A Better Cotton Future
Organic clothing is now one of the fastest-growing natural product sectors. According to the Organic Exchange, organic cotton production increased 76 percent between 2005 and 2006, and demand for organic cotton almost doubled during that time. Sales of organic cotton are projected to reach $2.6 billion by the end of 2008. But while such U.S. manufacturers as American Apparel are selling organic clothing, they aren’
;t sourcing their fabrics from U.S. growers. Cummins blames American subsidies, billions of dollars which enrich a small percentage of cotton growers, drive down the price of conventional cotton, pricing farmers around the world into poverty. There’s no incentive for these mega-farms to go organic—a process that would require at least a three-year fallow period for the fields to meet federal organic standards.
“We’re not giving a dime to help farmers who’d like to grow organic cotton,” says Cummins. “There’s not even a mill to process organic cotton on the West Coast. American Apparel is the largest remaining U.S. T-shirt company trying to use more organic cotton, and it has to buy from overseas.”
Environmental groups have mobilized to bring awareness to cotton’s impact on global communities. In 2002, the World Wildlife Federation (WWF) launched the Sustainable Cotton Initiative, working with governments and industries in Australia, Pakistan, India and Central Asia to promote cotton that uses less water and hazardous chemicals. Through programs such as Women’s Open School in Pakistan, WWF taught women about the dangers of pesticides.
“We used to get many skin problems—rashes and dizziness,” says cotton worker Zohra Bibi. “We would use the same dirty hands for cooking afterwards and sometimes we would even use the empty pesticide bottles in our kitchens to store wheat! We thought that storing the wheat in the bottles would prevent it from getting spoilt! Now we know better.”

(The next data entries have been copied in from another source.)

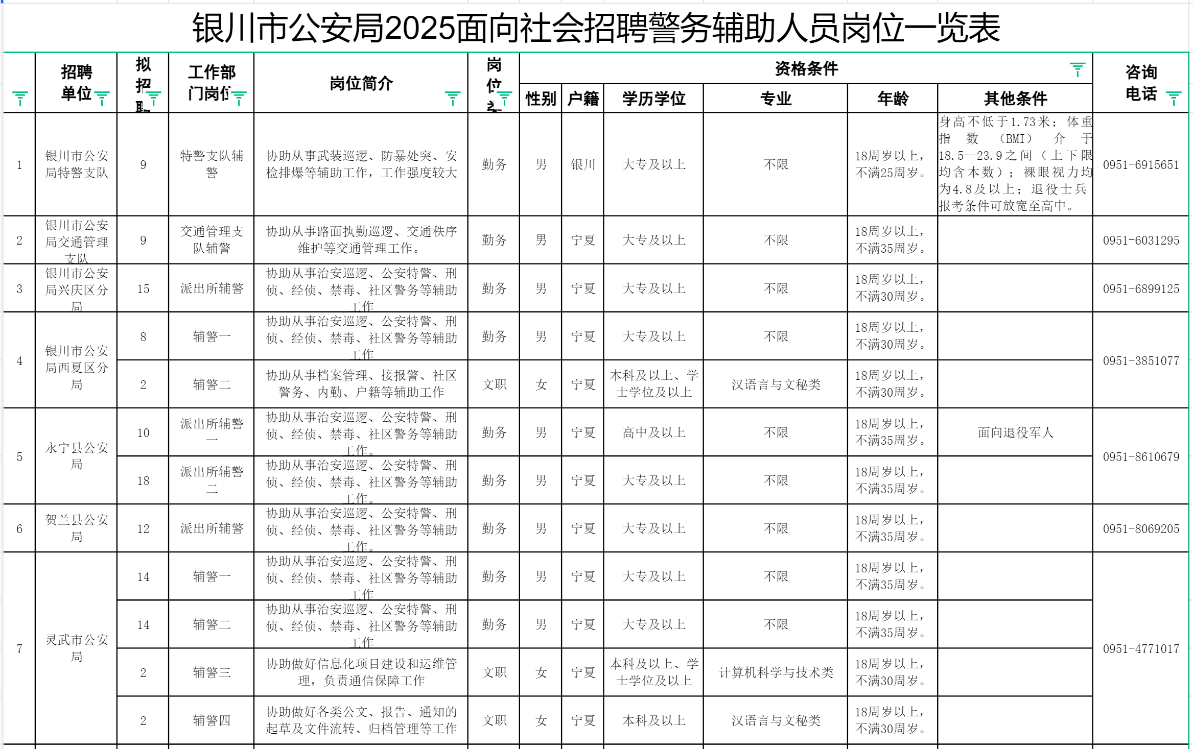 寧夏新聞網(wǎng)訊(記者 胡俊)為進一步加強基層基礎工作,有效解決公安機關警力緊缺問題,11月13日,銀川市公安局發(fā)布公告,將組織實施2025年警務輔助人員招聘工作,面向社會公開招聘輔警153名。
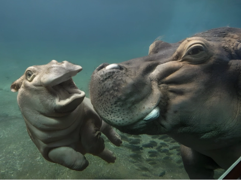 There is something undeniably touching about the bond between a mother hippopotamus and her calf. In this heartwarming photograph, the pair is captured in a moment of gentle togetherness, their massive bodies pressed close in a gesture of affection and security. The mother’s protective presence and the calf’s trust create a moving portrait of family love. Despite their size and strength, hippos are deeply social animals, and their relationships are built on touch, communication, and care. This image invites us to look beyond appearances and appreciate the tenderness that exists in even the most formidable creatures.
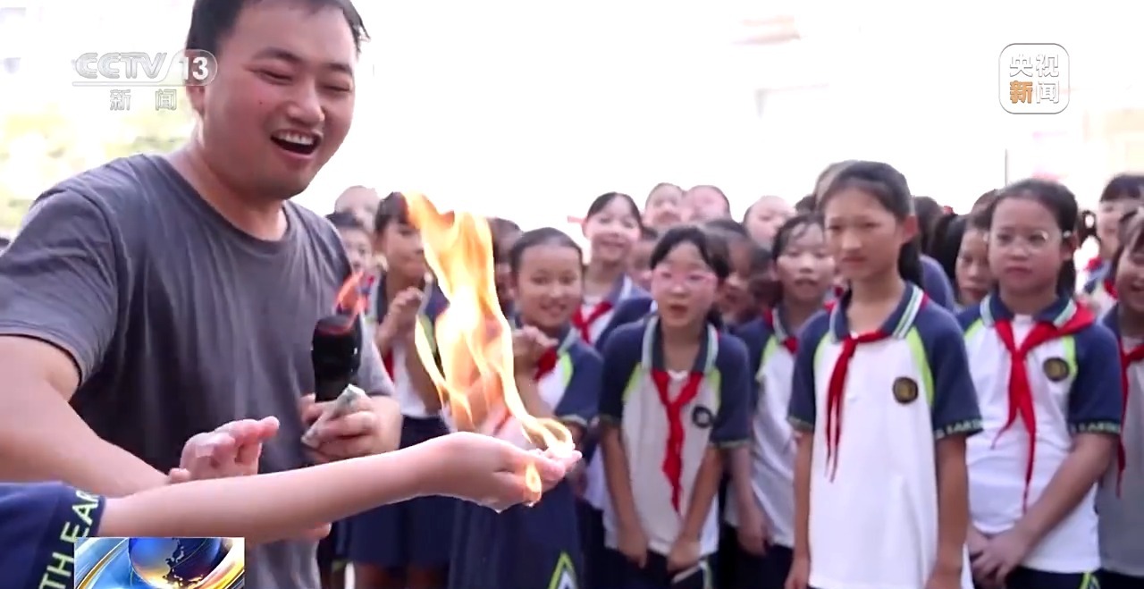 在“科技魔法秀體驗”區(qū),“火焰掌”表演讓同學(xué)們親身感受化學(xué)反應(yīng)的奇妙。這個看似“魔法”的現(xiàn)象,實則蘊含著燃燒條件、導(dǎo)熱材料等科學(xué)原理。
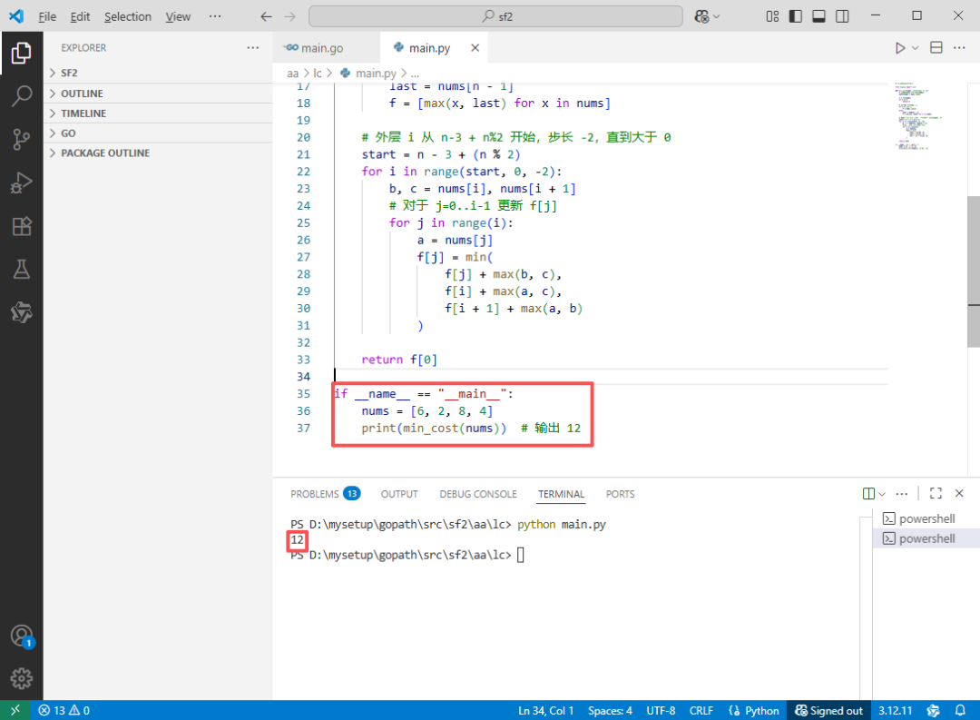 所以取最小值12,更新f[0]=12。根据题目解释:
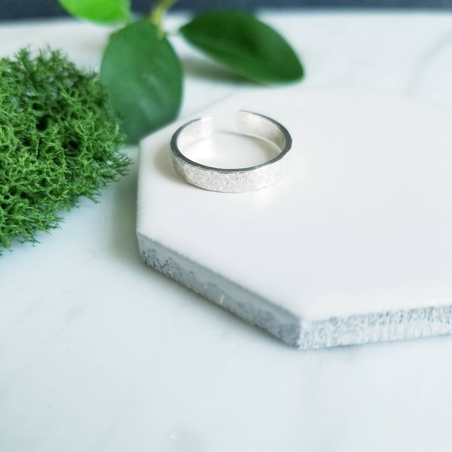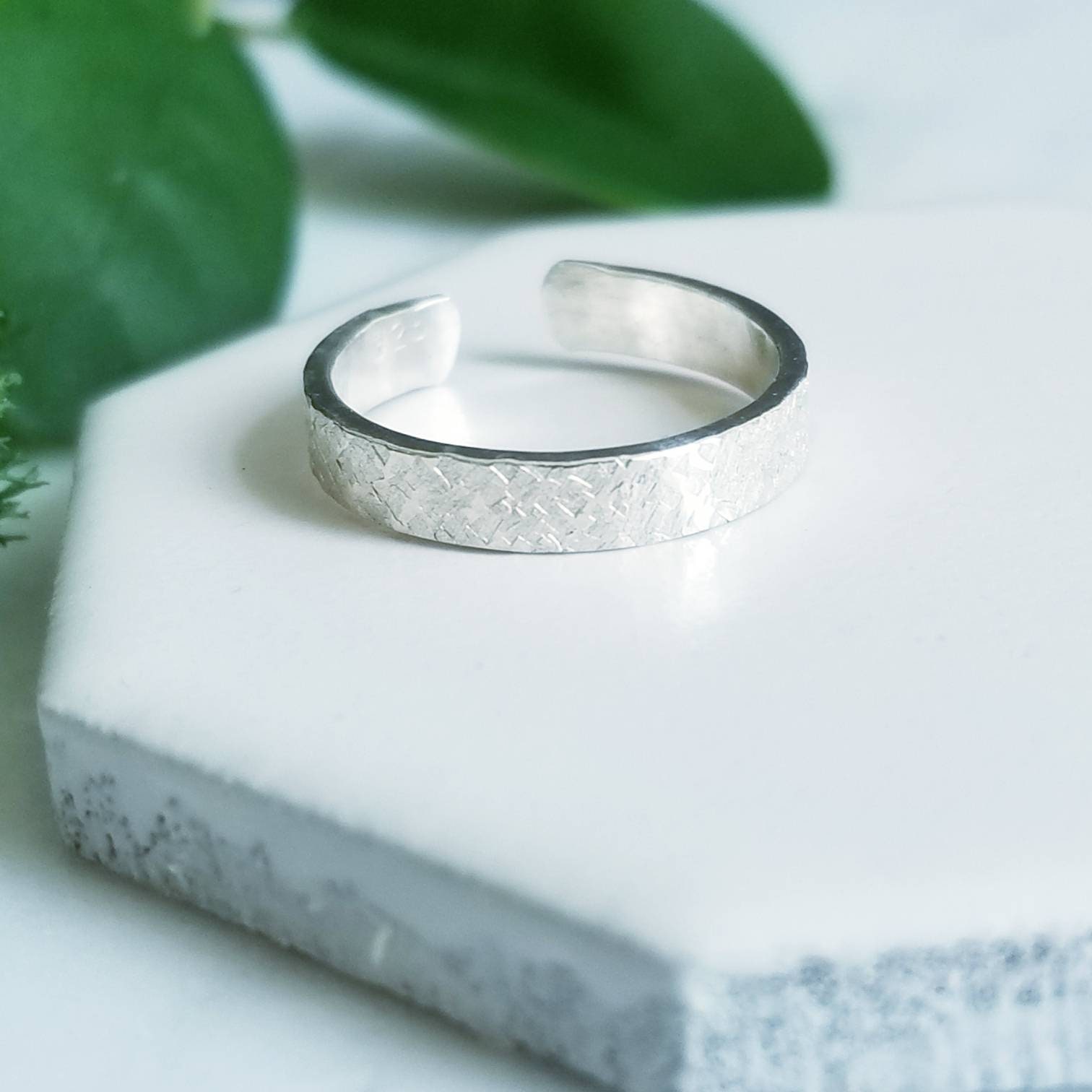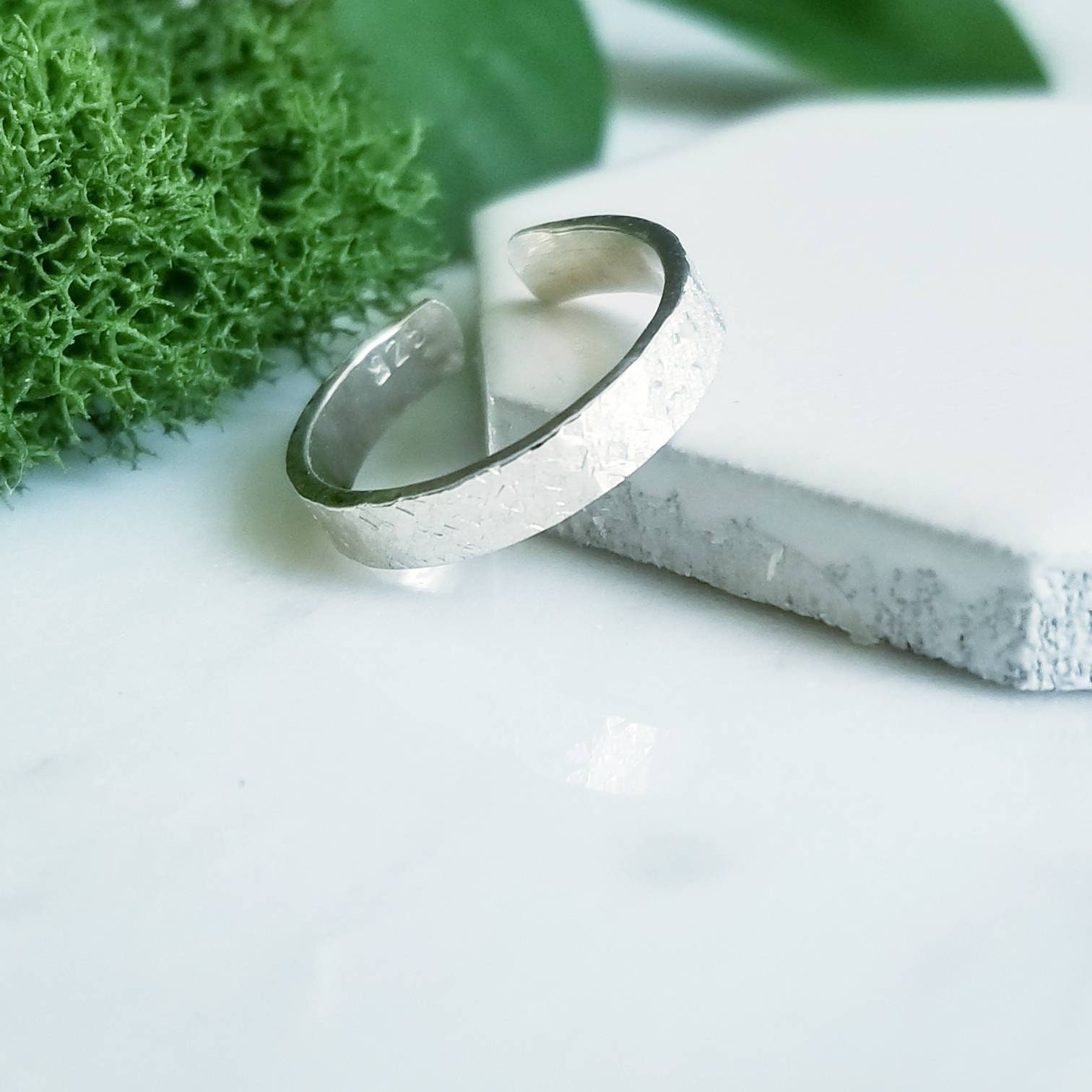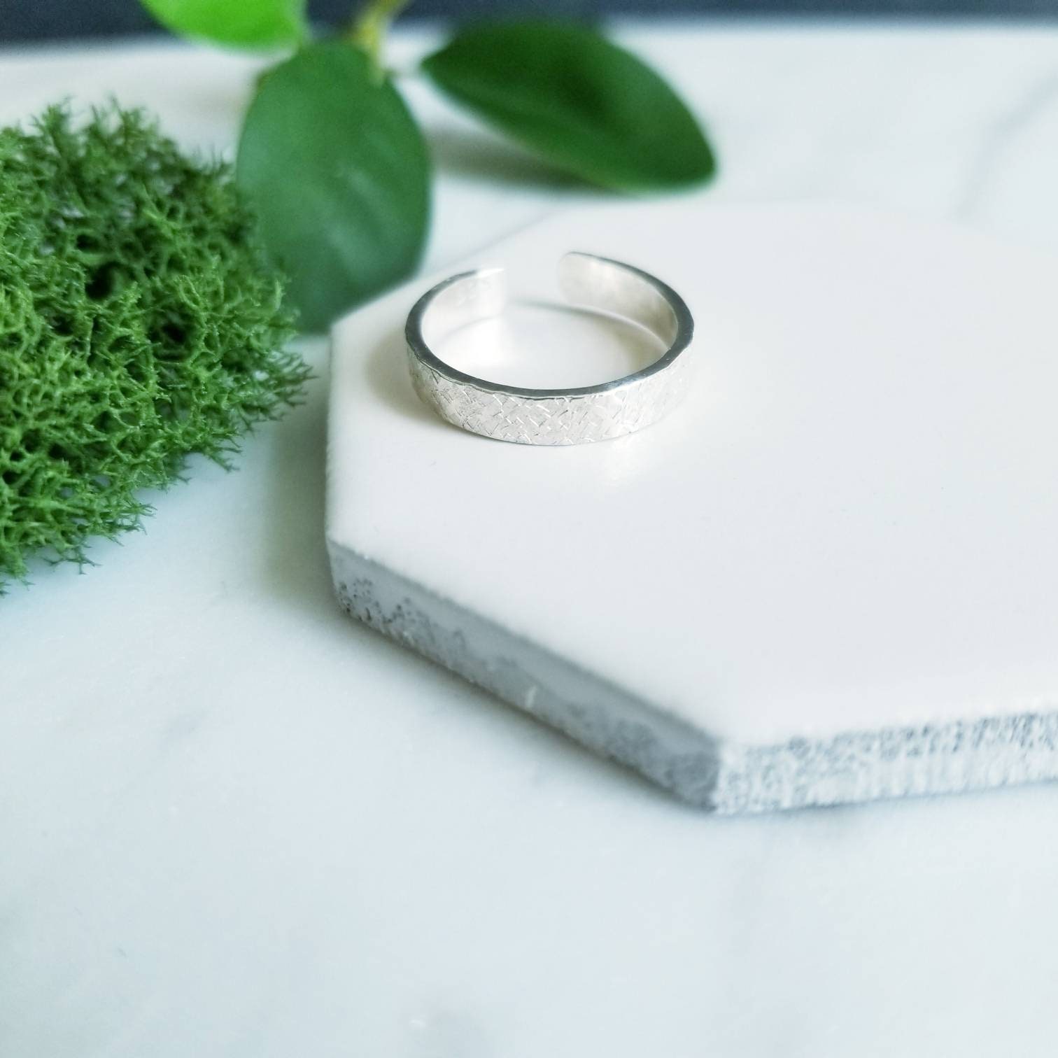 A silk texture finish comfortable toe ring in 3mm flat wire, polished smooth on the inside. Easily adjusted by gently squeezing it shut or gently expanding the wire.

These on-the-ground initiatives are crucial to protect cotton workers and to begin to reverse pollution damage. But for a real overhaul of the industry, EJF says clothes shoppers must “pick their cotton carefully.” Consumers, say Kjell, should “refuse to buy cotton products unless they know that they were produced without causing environmental destruction or human rights abuses. Consumers can demand change and help create a massive shift in the way this commodity is produced.”
Nicole Santer, an assistant project manager with WWF’s Freshwater Programme, says clothes shoppers should choose the best available option, which she describes as “textile products made of organic cotton and/or made and traded according to fair trade standards.” Until a universal fair trade and organic label is applied, conscious consumers may be best advised to shop from their home computers.